I have, of course, played around with it and tend to prefer no noticeable boost in the bass for well-recorded material. I'm not a headbanger or fan of EDM, I do like to differentiate between string and electric bass and kick drum, want the 5th string of a 5-string bass (31Hz) to be 'right there", and can appreciate the lowest notes of a piano (27.5Hz) presented with appropriate weight.

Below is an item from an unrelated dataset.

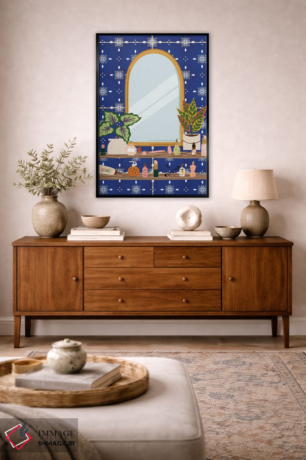 براساس پالت ترکیبی اثر، قاب تیک گرم (چوبی) پیشنهاد اول است و مشکی مات (فریم متوسط) مکمل. برای سفارشهای پروژهای با ابعاد و قابهای اختصاصی با ایماژ در تماس باشید.
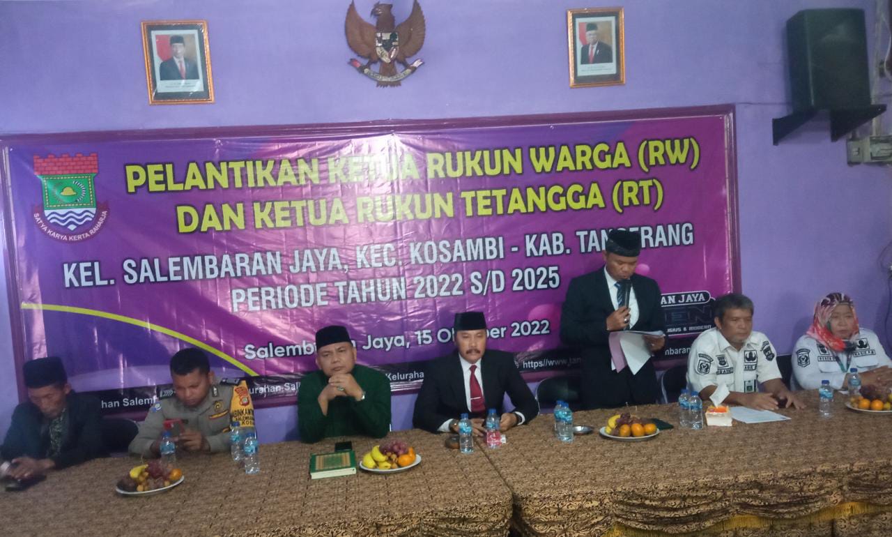 Lurah Salembaran Jaya Ade Sunaryo dalam sambutannya mengucapkan selamat kepada RW dan RT yang pada hari ini dilantik dengan masa bakti 2022-2025. Ini merupakan bagian yang tidak terpisahkan dalam sebuah sistem dinamika Pemerintah Kelurahan.

As for the high end, I'm consciously immune to many of those frequencies, but folks who aren't don't complain when they sit down here and listen. If they are just judging from a distance, then I can get a response like this:
"The house curve is to put back what a normal room will do, you correct to flat which sounds rubbish and then you add in the lf room gain and the hf dropoff ." - Rodney Gold (R.I.P.)
Ok, whatever.
Here's a "corrected" in-room RTA versus the raw left and right channels of a CD. My goal at the time (and still) being "reproduce the recording" (flat response). The black traces are "live" but not well synchronized in the software, so they don't line up (some delay occurs between the three instances of REW), so I mainly pay attention to the peaks (red). Since the in-room is the sum of the L + R, the peaks won't
quite line up either, when playing stereo, but can be very close with single speaker or mono (or mono-ized) two-speaker source.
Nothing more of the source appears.